The notion that there is any moral or empirical equivalency between the political violence of the right and the left in the United States is simply wrong.  It is wrong empirically.  And just as importantly, it is wrong because when it comes to the use of violence, there is a massive difference in values between the left and the right.

First, consider the facts. 

The violence in Charlottesville was precipitated by a crowd led by self-proclaimed Neo-Nazis and members of the Ku Klux Klan – two organizations whose histories are steeped in the most extreme forms of political violence.

Trump’s assertion that it included many “good people” ignores the fact that the crowd was chanting the Nazi slogan “blood and soil” and “the Jews will not replace us.”   It would not take but a second for any “good people” who joined the crowd to realize they were in the wrong place and leave.

And of course there is the inconvenient fact that a professed Neo-Nazi is charged with using his car to accelerate into a crowd of counter-protesters, murdering a 32-year-old woman and critically injuring many others.

Trump singled out a small group of Antifa, or anti-fascist activists, who arrived at the protest equipped with clubs and dyed liquids which they definitely used to combat the violent right-wing protesters. 

There is no doubt that these fringe groups play right into the hands of right-wing propagandists like Breitbart News.

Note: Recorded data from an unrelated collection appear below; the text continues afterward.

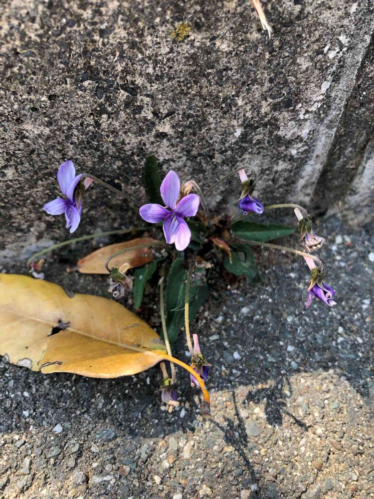 割と車通りの多い道の縁石に、1つだけ咲いていました💜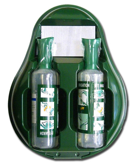 Lavaggio oculare "Drop" contenente soluzione fisiologica in kit termoformato da muro con tutti i componenti necessari per un efficace lavaggio oculare di primo soccorso: 2 soluzioni saline sterili da 500ml, 2 coppette per occhi ed uno specchio.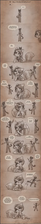 This is such a wonderful and informative breakdown. Β Thank you for this! Β I tried this technique because I just love the results in your comic. Β Your black and white is just gorgeous! But I see what you mean about how long it takes. Β I didn't even come close to the detail you do and it still took a very long time. Β I don't think I mastered that lovely sepia tone you always achieve.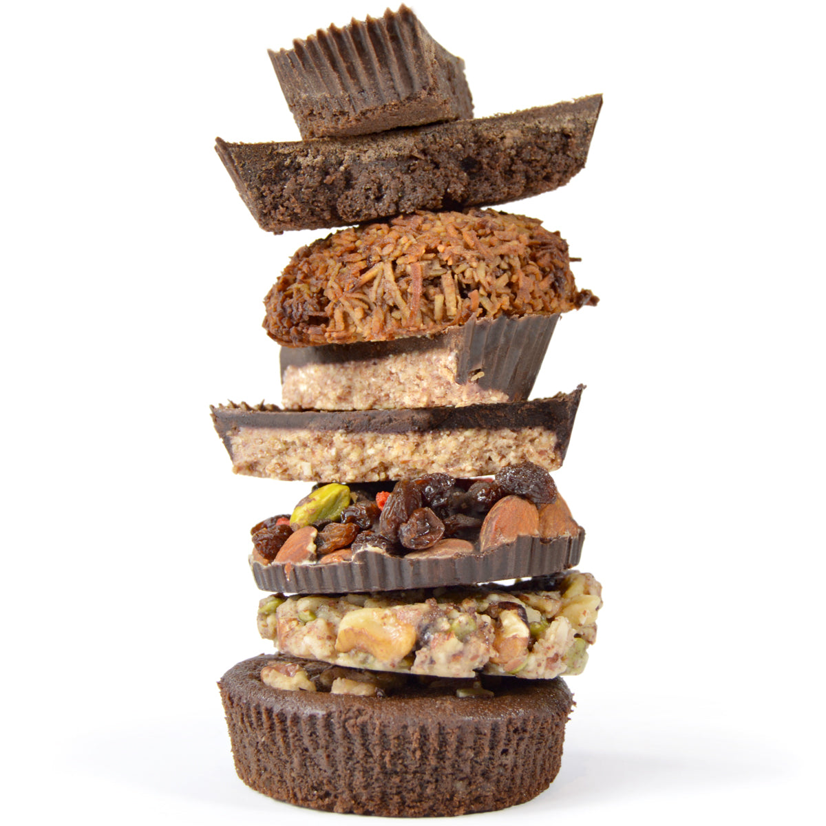 INGREDIENTS: almond flour, roasted almond butter, coconut oil, honey, cacao butter, flax meal, dried unsweetened coconut, cacao powder, vanilla extract, sea salt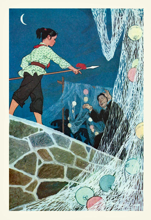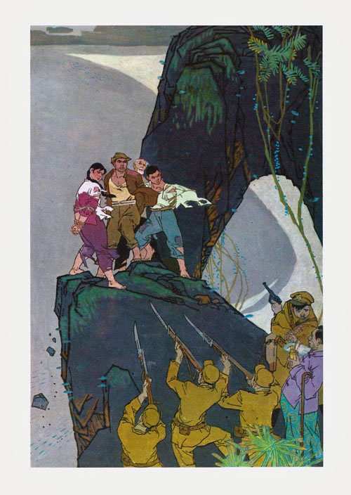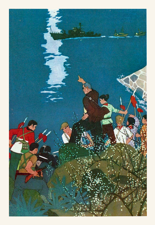 34 A ce moment, sur la mer se fait entendre un grondement de moteur. C’est une canonnière de l’Armée populaire de Libération qui vient vers la côte, remorquant le bateau espion camouflé en bateau de pêche. Oncle Li déclare alors aux deux ennemis : « Votre ‘bateau de pêche’ vient vous ‘rejoindre’ ! » Les deux traîtres baissent la tête, tremblant de peur.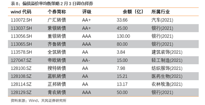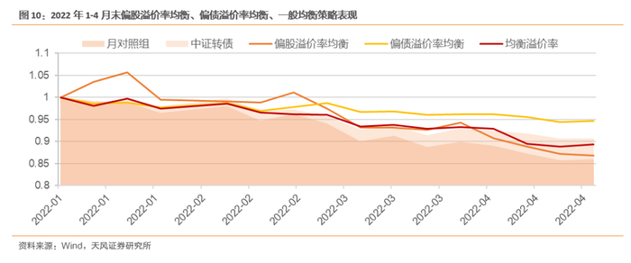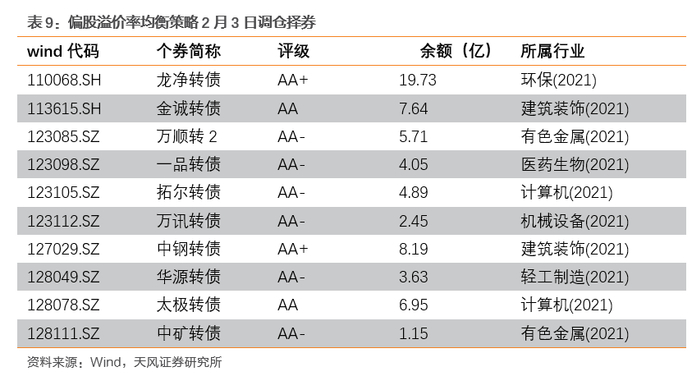 综上,如果股市前景向好预期明朗,且能承受一定回撤风险,偏股溢价率均衡策略是较好的选择,在股市下跌的过程中,可以选择偏债溢价率均衡策略进行防守;若市场预期不明确,或者正处于技术性调整的阶段时,我们认为可以选择一般溢价率均衡策略这种属性相对均衡的策略。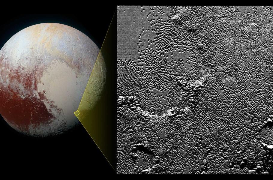 4) V okolí těchto hor se nacházející „písečné duny“ tvořené zmrzlými uhlovodíky rovněž překvapily vědce. Poskytly jim informace o tom, že atmosféra Pluta byla kdysi mnohem hustější a že se po jeho povrchu proháněly větry přenášející částice z místa na místo.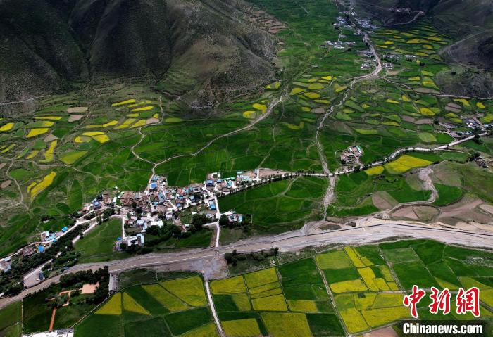 圖為7月10日,拉薩市墨竹工卡縣油菜花盛放。(無人機(jī)照片)中新社記者 李林 攝

But the fact remains that they didn’t kill anyone.

There have been aberrations from the norm of non-violence among progressives in the United States.  That includes the “Weathermen” of the 1970’s and the Antifa today.  

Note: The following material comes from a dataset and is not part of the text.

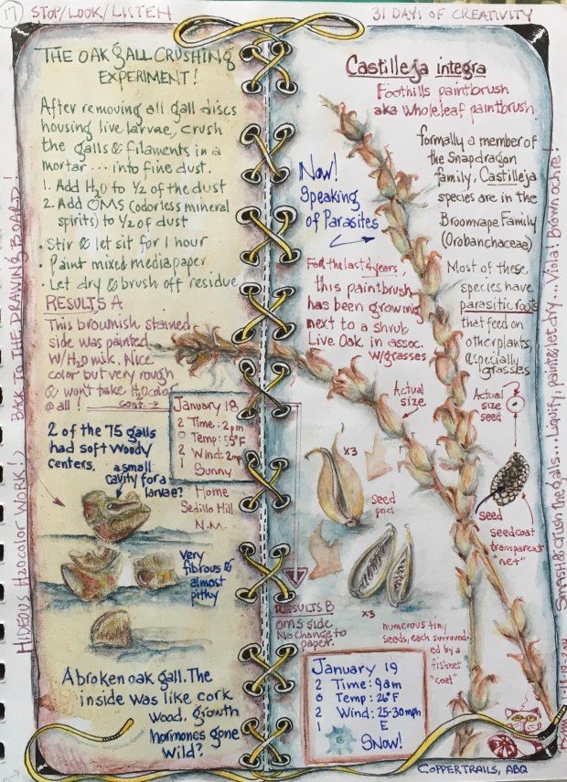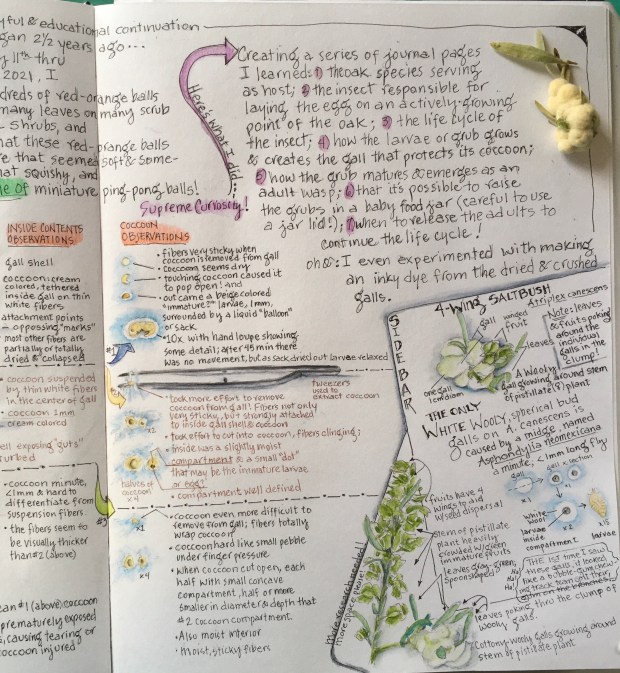Wow, Barb — what a curiosity journey into the galls! I am curious about why they are red. I don’t seem to see that many around here. How interesting are the Saltbush fluffy galls! I am enamored with the sketches of the laced binding and ring binding on your journal pages. I admire your curiosity and investigation paths — I was reminded of you in a Wild Wonder session on Whimsical and Imaginative sketchbook adventures — your amazing zentangle creations and how Flambe’s cute face adorns each page that you create. So enjoyable!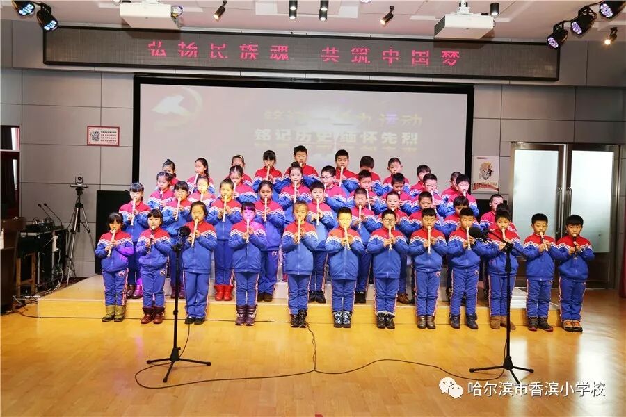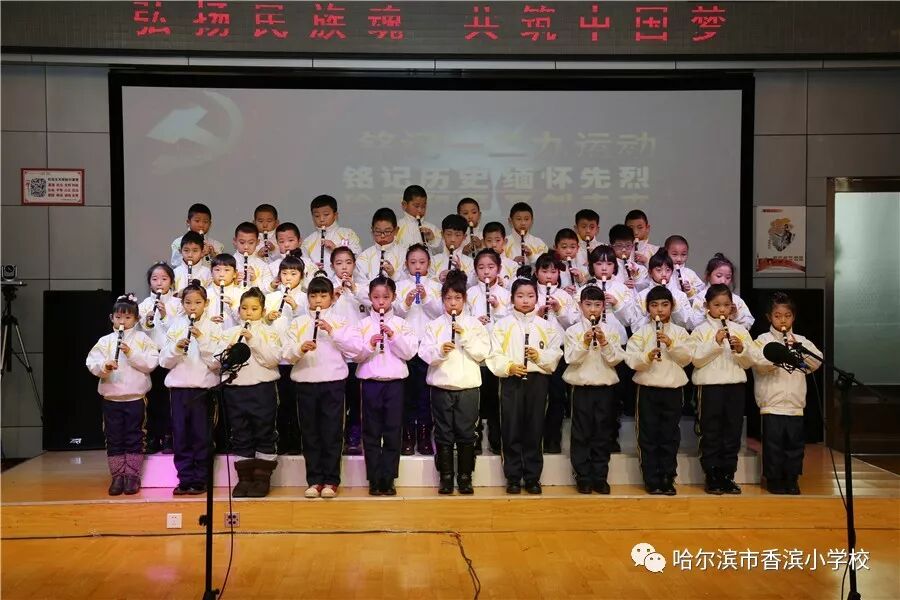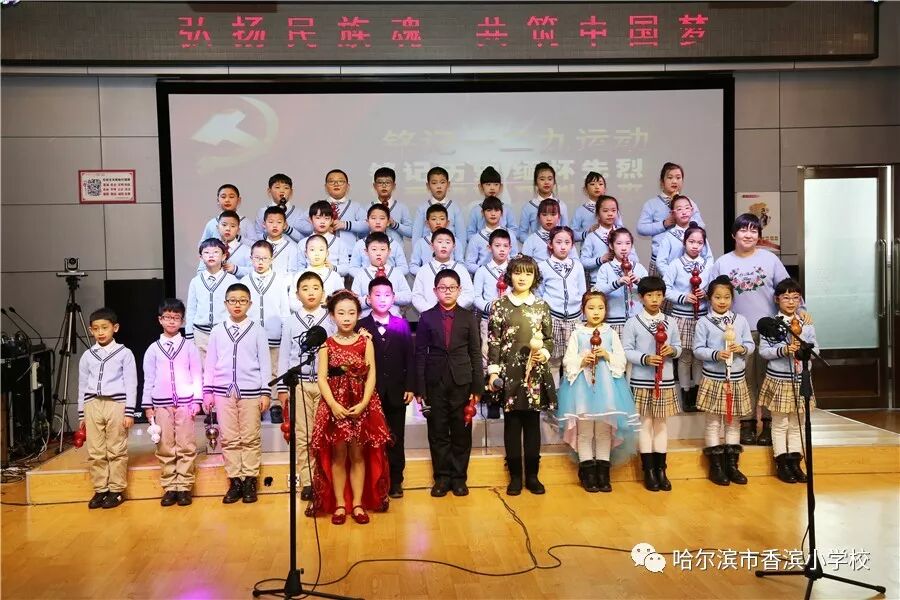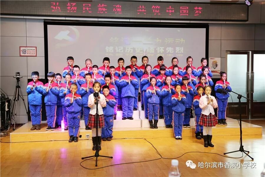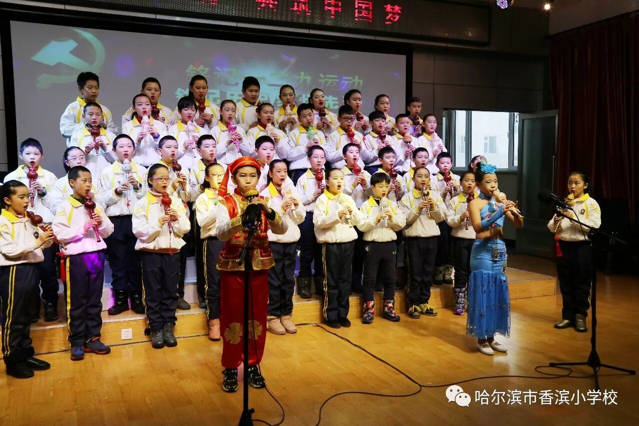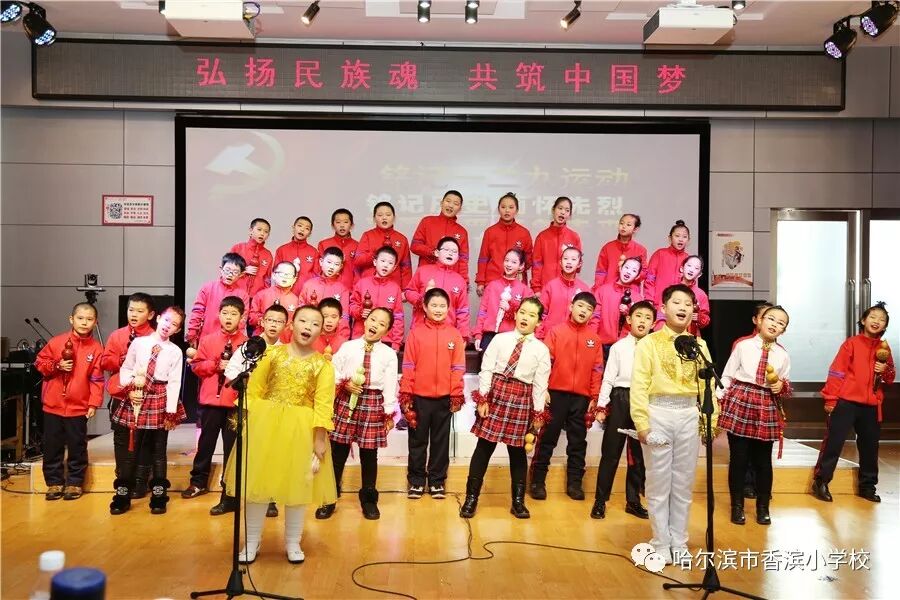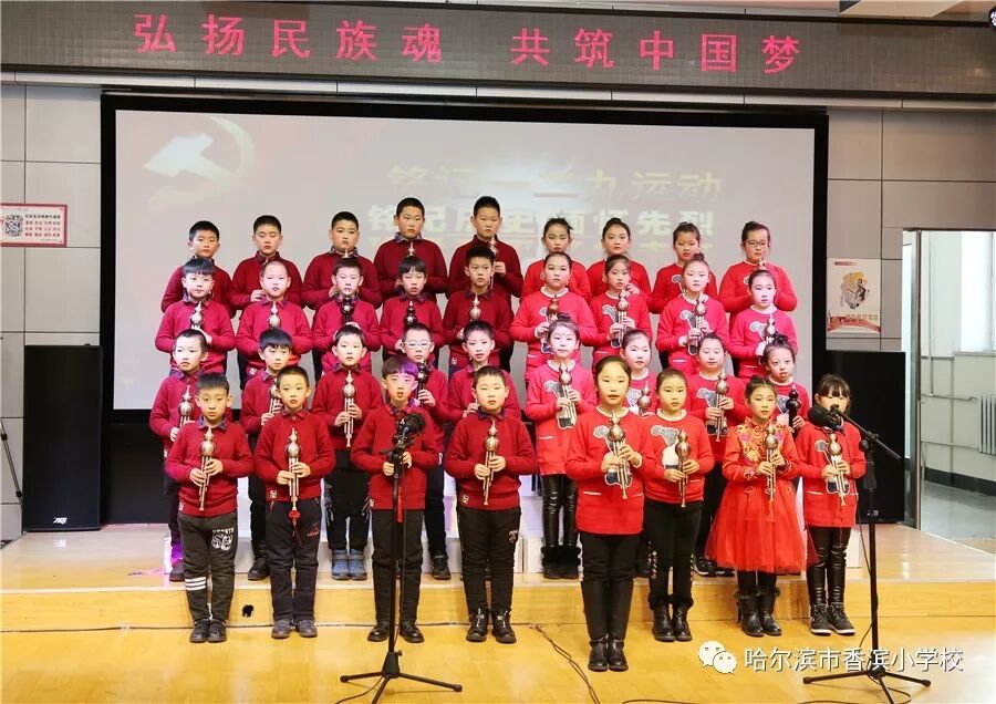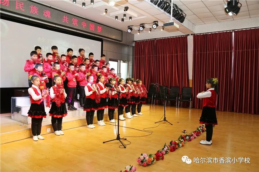 12月15日上午,香滨小学校在三楼多功能厅历时3个半小时隆重举行了以“弘扬民族魂 共筑中国梦”为主题的一二·九大合唱。比赛按照五、一、二、三、四学年的顺序进行,一学年演唱两首歌曲、二——五学年演唱一首歌曲、演奏一首乐曲。

The vandalism caused by a small band of Antifa dressed in black in downtown Washington the day of Trump’s inaugural could have seriously tarnished the image of the growing opposition to the new president and his policies.

In fact, its memory was washed away by the birth of a massive non-violent resistance movement that burst onto the scene in the form of the Women’s March the very next day -- the largest single multi-city mass mobilization in history of the United States.

A look at the history of political violence in the United States makes it utterly clear there is no equivalency whatsoever between right and left.

A study by the Anti-Defamation League reviewed the 372 murders that were committed by domestic extremists between 2007 and 2016.  It found that 74 percent of these were committed by right-wing extremists, 24 percent by radical jihadists and only 2 percent by those on the extreme political left.  In other words, right wing political extremists killed three times more Americans than all other forms of political violence combined.

According to The New York Times, a study by the libertarian Cato Institute found that:

White nationalists; militia movements; anti-Muslim attackers; I.R.S. building and abortion clinic bombers; and other right-wing groups were responsible for 12 times as many fatalities and 36 times as many injuries as communists; socialists; animal rights and environmental activists; anti-white- and Black Lives Matter-inspired attackers; and other left-wing groups.

During last year’s election campaign, groups affiliated with the Trump Campaign, like right wing provocateur James O’Keefe’s Project Veritas, accused the Democratic Party, the Clinton Campaign and myself of inciting and provoking violence.

In fact, they were unable to point to one instance where events sponsored by, promoted by, or in any way connected with the Democratic Party involved violence or even provoked violence on the other side.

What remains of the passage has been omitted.